Inoltre, stando almeno ai primi due atti del film, non sembra neanche di essere in un film della saga di Insidious per il modo in cui viene affrontata la minaccia. Se James Wan guardava a Poltergeist per il primo film e Amityville Horror per il secondo con una visione d’insieme molto coerente votata a rielaborare l’immaginario preesistente per crearne uno nuovo, in Insidious – La porta rossa sembra quasi essere nei territori di Il Sesto Senso con Dalton che incontra fantasmi facendo frequenti viaggi onirico-astrali che invece ricordano molto da vicino gli incubi della saga Nightmare, ma senza Freddy Krueger.
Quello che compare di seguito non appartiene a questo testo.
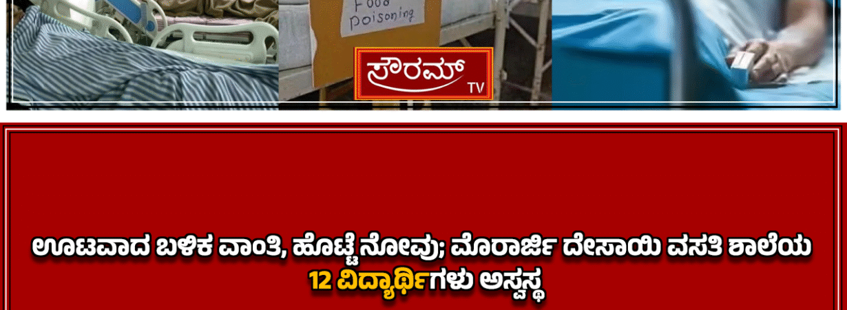ಊಟವಾದ ಬಳಿಕ ವಾಂತಿ, ಹೊಟ್ಟೆ ನೋವು; ಮೊರಾರ್ಜಿ ದೇಸಾಯಿ ವಸತಿ ಶಾಲೆಯ 12 ವಿದ್ಯಾರ್ಥಿಗಳು ಅಸ್ವಸ್ಥ.
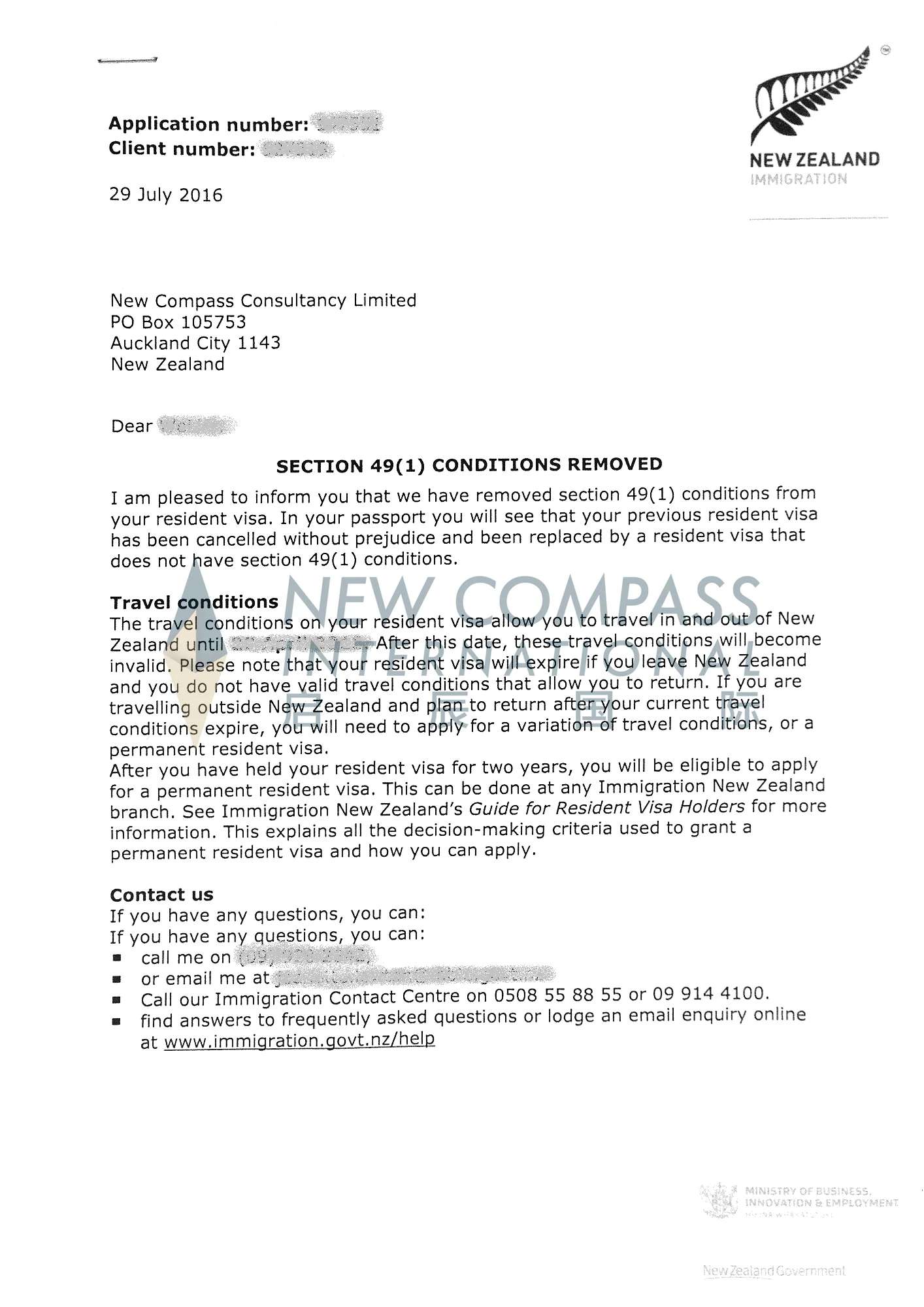 我司协助申请人取消Section 49限制性条款,申请人顺利获得新西兰无条件居留签证。
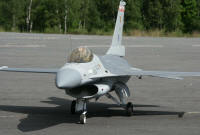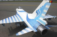 Without a doubt, the F-16 kit is our best engineered kit to date. It is sized and designed for a typical 90 N (20 lbs) class Turbine in the first place, but it will accomodate any turbine from the 50 N (12 lbs) thrust class up to the 135 N (30 lbs) thrust class (when using a speed limiter). The wide speed envelope allows the model to be flown also from smaller (grass) fields. |
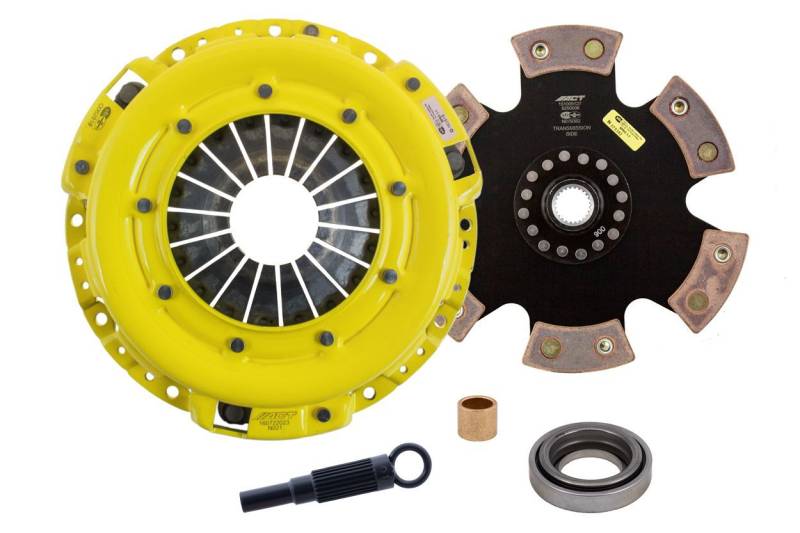 NZ1-HDR6 kit features ACT's most popular Heavy Duty pressure plate. ACT Heavy Duty pressure plates use exclusive diaphragm design to increase clamp load, reduce deflection and maximize clutch life. All diaphragms endure a four-stage, heat-treating process for unparalleled performance. ACT pressure plates have precision cover stampings to provide rigidity and consistency. ACT's 6-pad rigid race discs are made with high quality, ceramic friction materials. The chrome-moly hub is heat-treated for strength and durability. The lightweight, rigid design allows for quicker shifts and smooth, trouble-free service. With the 6-pad rigid race disc, engagement is harsher, but shifting is faster. The 6-pad rigid race disc is recommended for larger clutch sizes to absorb more heat.
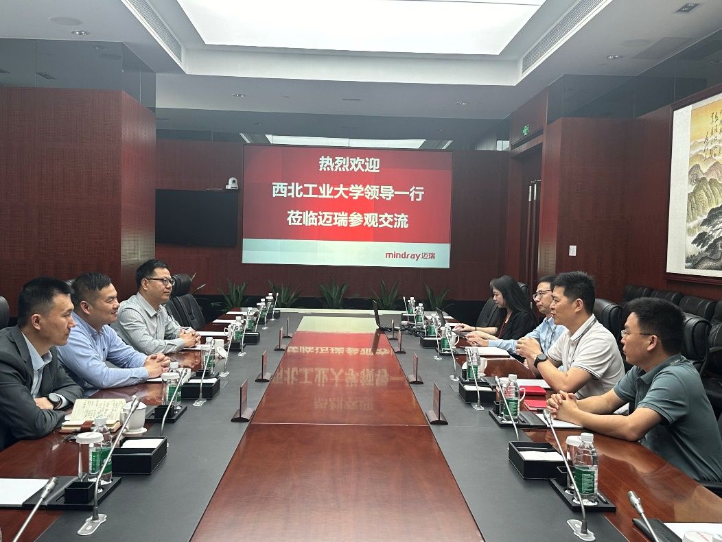4月12日上午,生命科学与医学学部党委书记段利兵,学部党委副书记万海东、于兆良,生命学院办公室主任曹懿一行走访了深圳迈瑞生物医疗电子股份有限公司(以下简称“迈瑞”),与迈瑞生命信息与支持事业部副总经理左鹏飞、医学影像事业部医学影像硬件与工程开发部机械经理赵彦群(西工大校友)、招聘经理刘伟、校企关系负责人谭雁尹交流座谈。
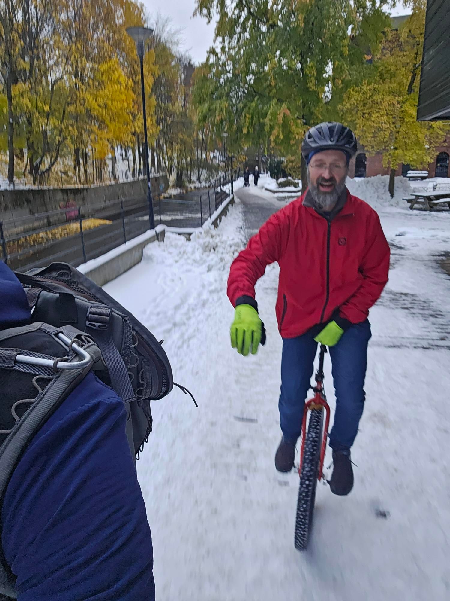 I’ve been unicycling with our dog, filming with a 360° camera on a selfie stick. Here are some ‘outtakes’ showcasing our lack of synchronisation and a couple of UPDs - a dog certainly makes unicycling more unpredictable!
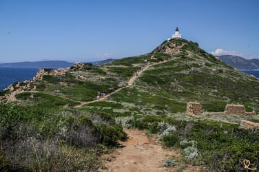 Poursuivez votre découverte en empruntant la route côtière des Sanguinaires pour profiter des magnifiques vues sur la baie d'Ajaccio. Arrivez à la pointe de la Parata pour une halte de 20 à 30 minutes et appréciez le panorama exceptionnel sur l'archipel.
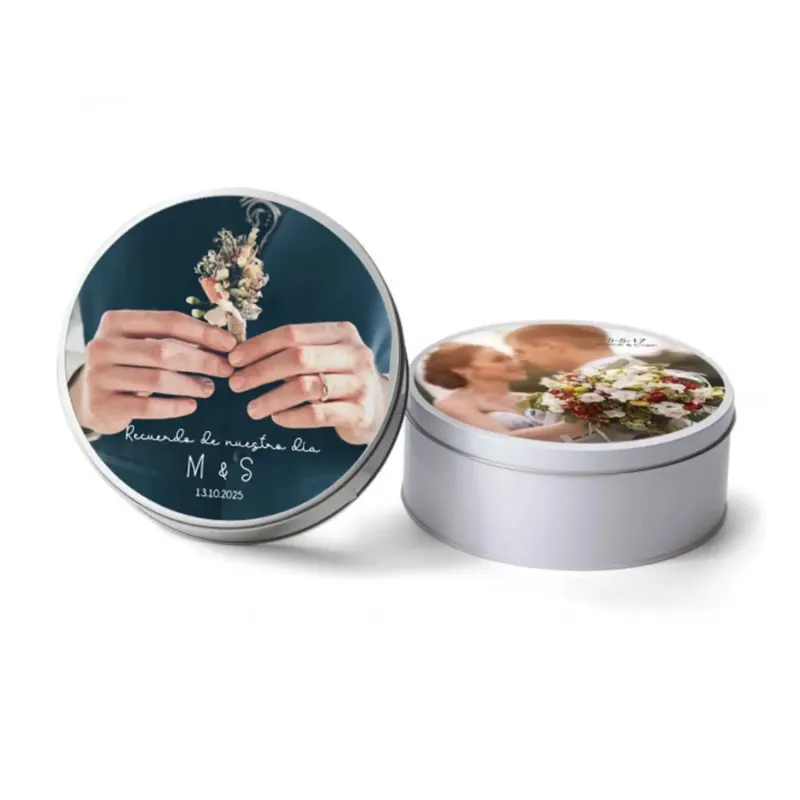Deliciosas mini bolas tipo caviar crujiente de maíz/cereal recubiertas de chocolate con leche disponibles en varios colores, presentadas en una bonita lata metálica con etiqueta personalizada a todo color, con dos campos de texto para que escribas lo que quieras. Original detalle de Navidad.
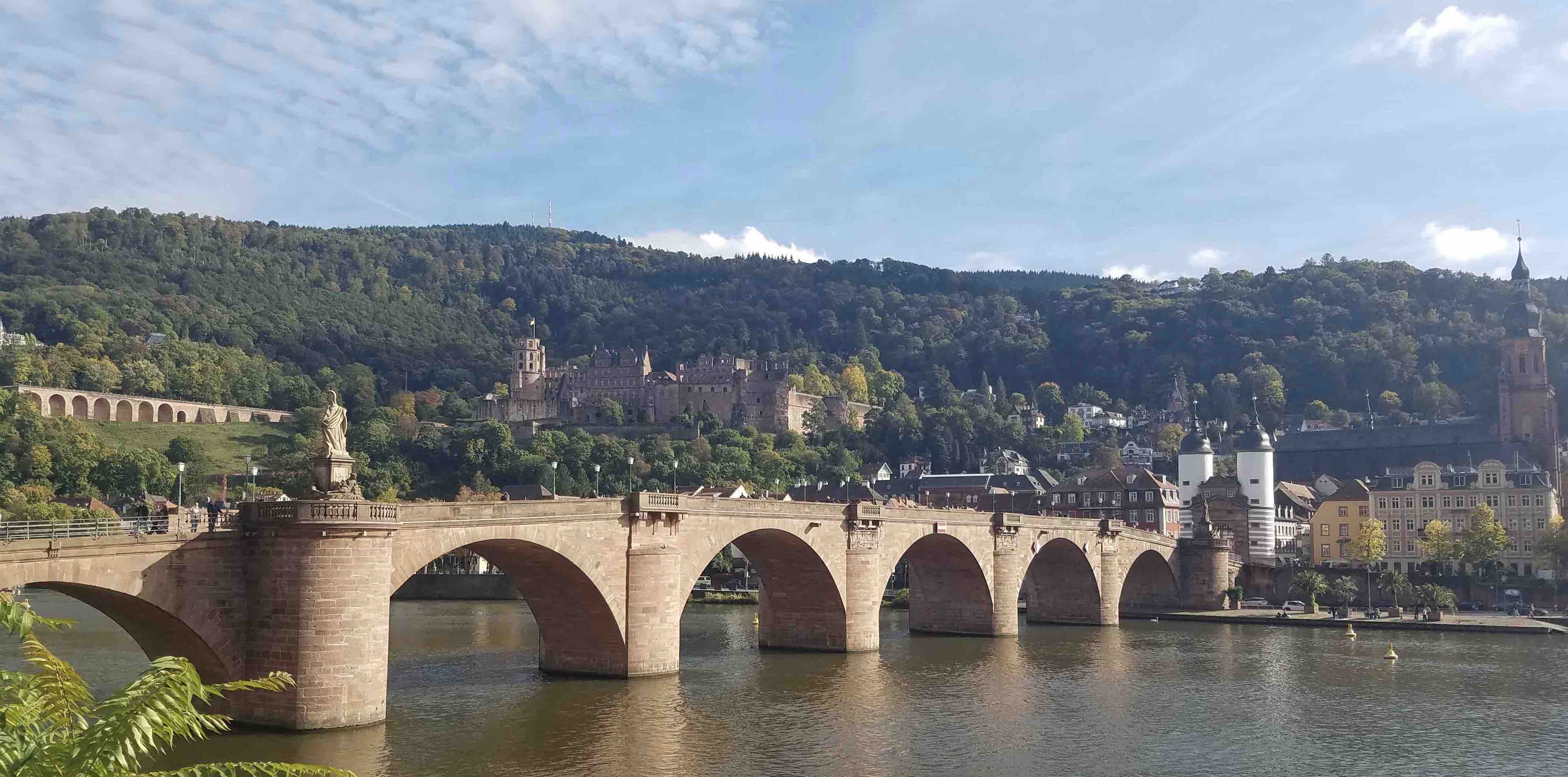 The old bridge crossing the Neckar River, in Heidelberg, Germany, with the famous castle above.
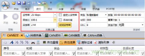 l自動波特率識別:采用CANScope自動偵測波特率的功能,對CAN卡的波特率進行識別,識別結(jié)果為25kbps;
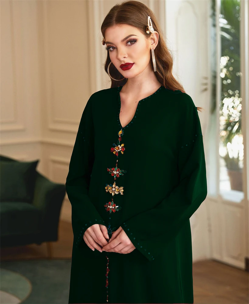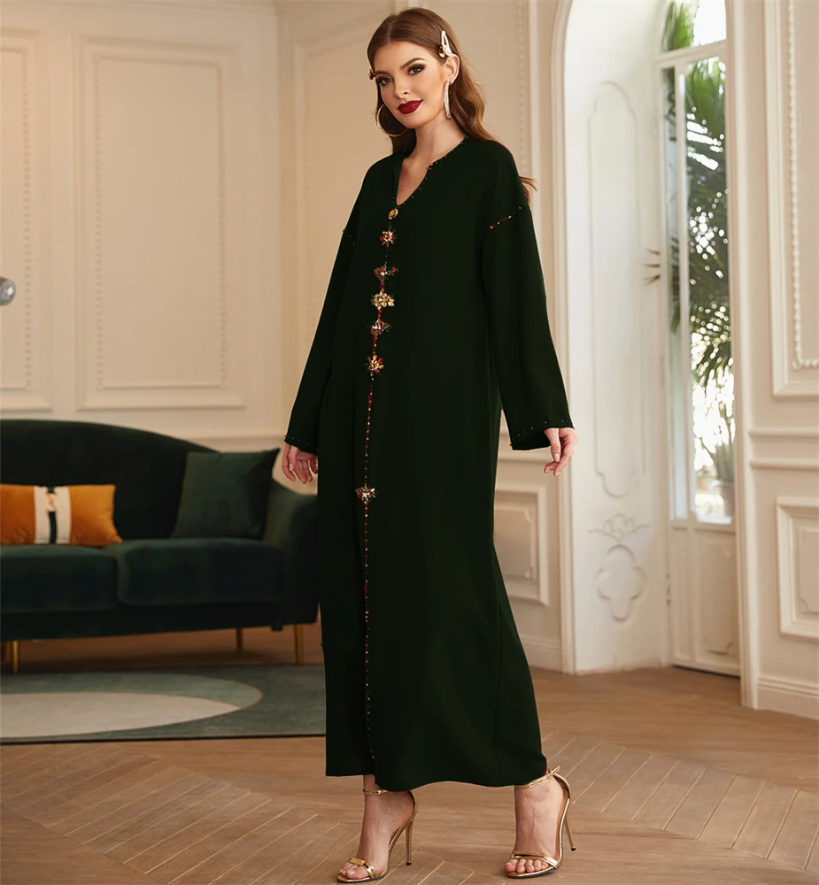 Ramadan Dark Green Muslim Abaya Dubai Turkey Islam Arabic Abayas For Women Kaftan Dress

Eh già, perché un’altra mancanza in questo quinto film è un villain demoniaco/spettrale, anche se viene recuperato per pochissime scene il mitico demone con il volto rosso del primo film, spaventoso come sempre e sul quale sarebbe stato sicuramente strategico puntare di più.
Invece, Insidious – La porta rossa sembra meno interessato all’aspetto “boogeyman” per concentrare il fulcro del racconto sul rapporto padre-figlio, che sia tra Dalton e Josh o tra quest’ultimo e il suo ritrovato genitore. Sicuramente è una chiave di lettura interessante che fornisce a tutta l’operazione una nobiltà ben superiore in confronto ai due capitoli che l’hanno preceduto, ma va anche a portare fuori dall’indispensabile traiettoria di genere la saga.
Insomma, pur mostrando diverse frecce al suo arco, Insidious – La porta rossa appare un capitolo decisamente fuori fuoco, intrappolato in un’ambizione psicologica castrante che ne fa un capitolo sottotono. Patrick Wilson, però, dimostra di avere una buona mano dietro la macchina da presa e di conoscere il linguaggio della paura. Vuoi vedere che abbiamo trovato un nuovo insospettabile regista del terrore?